[jcifs] Creating file with hash ('#') in filename

Thu Jan 16 16:48:39 EST 2003

> -----Original Message-----
> From:	Christopher R. Hertel [SMTP:crh at ubiqx.mn.org]
> 
> >	That would happen far too much and annoy people to no end. The only
> >	reason for escaping things in the first place is to make them portable:
> > 
> > 	"The space character is excluded because significant spaces may disappear
> > 	and insignificant spaces may be introduced when URI are transcribed or
> > 	typeset or subjected to the treatment of wordprocessing programs."
> 
> That's the reason for escaping spaces.  There are a lot of other 
> characters that get escaped.  The reasons are:
> 
> 1) They have syntactic meaning within the URL.
> 2) They have syntactic meaning when used to identify a URL in another 
>    context.
> 3) They are non-printing.
> 4) They may get munged by an intermediary.
> 
> RFC 2396:
> 2. URI Characters and Escape Sequences
> 
>    URI consist of a restricted set of characters, primarily chosen to
>    aid transcribability and usability both in computer systems and in
>    non-computer communications. Characters used conventionally as
>    delimiters around URI were excluded.  The restricted set of
>    characters consists of digits, letters, and a few graphic symbols
>    were chosen from those common to most of the character encodings and
>    input facilities available to Internet users.
> 
>       uric          = reserved | unreserved | escaped
> 
>    Within a URI, characters are either used as delimiters, or to
>    represent strings of data (octets) within the delimited portions.
>    Octets are either represented directly by a character (using the US-
>    ASCII character for that octet [ASCII]) or by an escape encoding.
>    This representation is elaborated below.
> 
	But I cannot think of any characters that if placed in the path component would actually *break* the parsing. The '#' did. The '@' does in 0.6 but not in 0.7. '?' doesn't because it's not
permitted in an SMB filename. So none of the characters you refer to can actually create a syntactic problem. Therefore the remaining issue is transcribability and usability. And since not escaping
the path improves transcribability we are left with usability. And usability suffers by not escaping reserved characters because it diminishes portability. The only effect is reduced portability.

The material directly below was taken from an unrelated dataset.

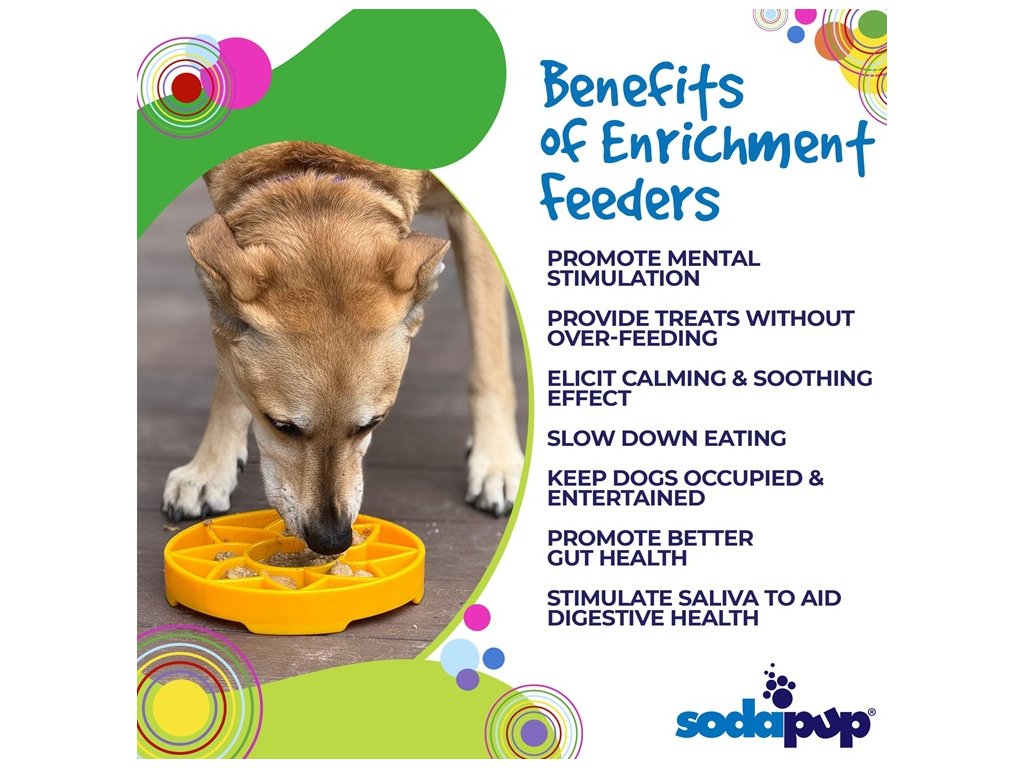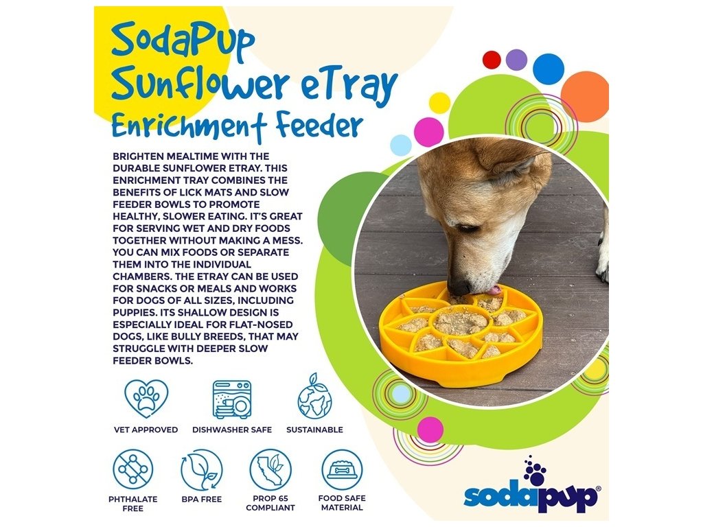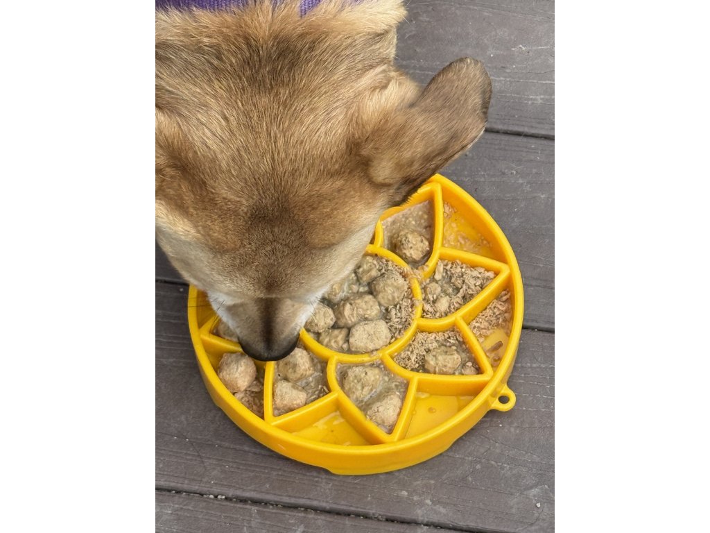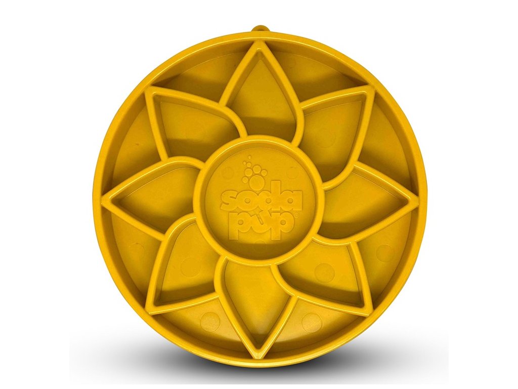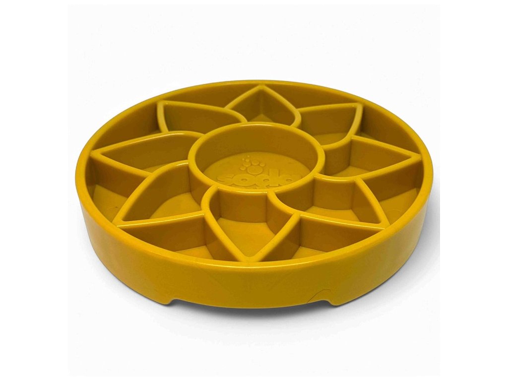 Plytká spomaľovacia miska s dizajnom inšpirovaným kvetom slnečnice je navrhnutá tak, aby spomalila jedenie psa a zároveň stimulovala jeho inštinkt hľadania potravy.

> > 	These URLs are not going to be embedded in word processing programs.
> 
> Why not?  I can imagine using Kword to edit a document stored on some 
> other system.  Kword might use the SMB URL string to identify the document 
> in its "most recently accessed" list or somesuch.  Likewise, when I print 
> the document I might include the filename in the footer.  There it is.
> 
> In an office environment, where documents are shared by several people, an 
> SMB URL might be handed around, or even referenced in an internal memo.
> 
> Again, it's dangerous to guess how an SMB URL might be used.
> 
	True. I admit this is a weak argument.

> >       If they are embedded in a web page it will be the path component
> >	appended to an HTTP URL
> 
> If it's a relative URL, then it's an HTTP URL.  If you append it to an
> HTTP URL then it's just a relative portion and has nothing to do with SMB.
> 
	Right this has nothing to do with SMB.

> > 	which the web application needs to escape (i.e. NetworkExplorer).
> >       No one is going	to send an SMB URL to someone in an e-mail. That
> >	kind of stuff just doesn't fit the protocol. That's what HTTP and
> >	FTP are for.
> 
> I disagree with you here, mostly for reasons already stated.  Further, 
> though, I got an email this very day (geez, I write too much) in which 
> someone where I worked was talking about the fact that his users just 
> couldn't get the hang of using FTP or HTTP to share files.
> 
	They don't? People link to websites and anonymous FTP servers almost exclusively. Either that or they just attach a file. I very rarely see a UNC path in an e-mail. I do it occasionally but
I've never really seen anyone else do it.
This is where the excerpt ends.